Rose-coloured Glasses

 

These are not roses

I am the kind of person who owns a collection of random glassware. In fact, if I tried hard enough, I could trace the eras of my various kitchens via the contents of my cabinets. At some point, the solo orphans and abandoned twins were part of a set, but over the years their siblings succumbed to misadventure of some kind or other. A tumbler skidded off the counter and smashed on the ceramic tile, shards of glass skittering under the stove to remain there for all eternity. An overly enthusiastic New Year’s Eve toast resulted in a guillotined champagne flute, the stem rolling across the carpet to attempt to impale the baseboard. In the rush to wrap and pack the glasses for some move or other, there were inevitable casualties.

A sample of the insides of my cupboard:

  • Two pink-stemmed wine glasses that are similar (but not identical) in height and size to the single black-stemmed one.
  • A thick green Mexican margarita glass with a navy-blue rim and a thick green Mexican margarita glass with a dark green rim. Close enough for a pair in my book.
  • Several tumblers etched with a “C” monogram, none of which I bought myself. Some are plain, a few are slightly rounded on the bottom and have glass ‘legs,’ and others have a thick base with a bubble in the centre. Sadly, I never took advantage of the broken ones to find out whether there really was air in the middle of the bubble. The mystery will endure.
  • Five pink antique goblets that actually do match, but come up one short of being able to call themselves a set. Regardless, I am quite proud of the fact they have survived intact since 1928 when my grandmother got them as a wedding present. I have now officially jinxed them.
  • Far too many mason jars of various capacities, which believe they are entitled to live with the glassware because they are composed of glass.

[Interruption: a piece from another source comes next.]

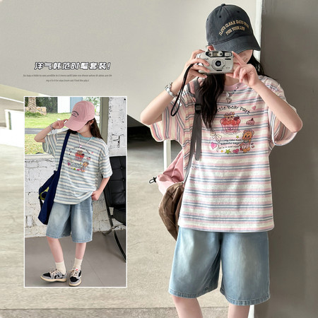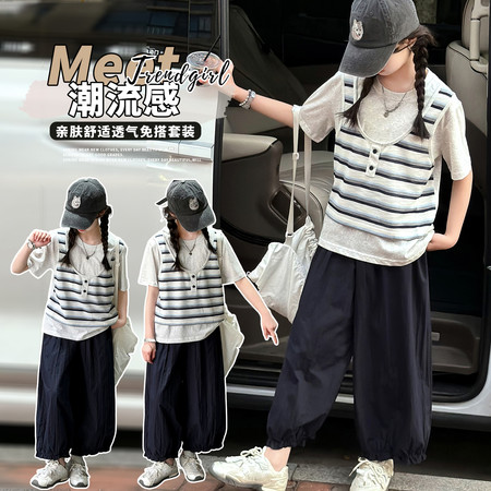 五小七&YH262254女童竖条纹挎包防晒衣三件

And that was pretty much the state of my glassware situation until a package showed up on my doorstep a few years ago. At the time, I lived in a duplex apartment with a shared front step. I had not ordered anything, so the box stayed there for several days, until I decided to be neighbourly and bring it into the vestibule. And there it sat for another two weeks, while my fellow tenants came and went, went and came. Ignoring it.

Eventually, I looked more closely at the delivery item. It had a barely discernible destination sticker and no return address. At this point, and I’m sure you will concur, I had no choice but to open the box.

What I found was a set of twelve wine glasses. Not just wine glasses, but crystal wine glasses. Not just crystal wine glasses, but “designer” crystal wine glasses. Vera Wang. I had no idea designer wine glasses were a thing, nor had I any idea how you “design” a wine glass. I immediately went online to find out what they had cost: $160 per glass, said Mr. Google. In my own defence, I had no way to return them.

When I examined the contents more closely, I discovered that two of the glasses had broken in transit. I was extremely dejected over being deprived of an ill-gotten even dozen, but I gave my head a shake. Ten expensive wine glasses! A bona fide set! And I kept them intact until today. I’m not sure why, but when I put one into the dishwasher, it shattered. I won’t bore you with the intricacies of how you clean glass shards from the bottom of a dishwasher. I’ll just say don’t try this at home.

But perhaps it’s just the circle of life. Glasses, like every carbon-based lifeform, can’t live forever. Especially not in my house.